Bastian Schweinsteiger said an emotional farewell to the German national side during a 2-0 win over Finland in which the emotion from everybody in the stadium was palpable. The talismanic midfielder, greeted by deafening chants of “Fußballgott”, could not hold back tears before the game. When handed the microphone to address his adoring fans, it took a good minute or two for him to even speak audibly, so raucous was the reception.
He thanked fans for coming and for everything they had done throughout his time as a German international, before it was their turn to thank him. For the 65 minutes Schweinsteiger was on the field, every touch was greeted with applause and cheers. The fans were milking every precious second of Schweinsteiger’s final appearance in the white and black of Germany, and why not?

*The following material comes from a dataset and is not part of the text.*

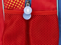 Il vano principale con tasca frontale con zip e tasca laterale in rete facilita l’organizzazione del materiale scolastico.

The game itself was of relative ease for the hosts. They kept the ball well and, while Finland remained compact and resolute throughout, it was only a matter of time before the net rippled. Exhibiting a 3-5-2 formation, Germany failed to reap the rewards of a veritable onslaught from the likes of Julian Brandt, Kevin Volland and Karim Bellarabi. This was, however, put right in the second period.
Mario Götze was put through by an incisive pass and his cross was met by Max Meyer, who prodded home from ten yards. Then came the moment; the fourth official indicated it would be number 15, Julian Weigl, who would replace number 7, Bastian Schweinsteiger and the noise grew more ear-splitting than it had done the entire night. The midfield general saluted the fans as he strode off the field, only this time a beaming smile had usurped his tears. A warm embrace with Joachim Löw was followed by pats on the back for everyone on the German bench; his final act as an international footballer exemplifying why he will be so sorely missed off the pitch as well as on it.
Substitute Mesut Özil’s fizzing cross was deflected in via the unfortunate Paulus Arajuuri to double Germany’s lead in the 77th minute, but there was little else to report. What was more significant was the average age of the eleven who started the game: 24. A timely reminder that while the old guard have now all departed the international scene in the last two years, the likes of Meyer, Weigl, Jonathan Tah and the excellent Joshua Kimmich will be there for years to come.
And if any of the players on the field for Die Mannschaft tonight leave their own final match with even half the ovation Schweinsteiger received, Germany are in for a very prosperous decade indeed.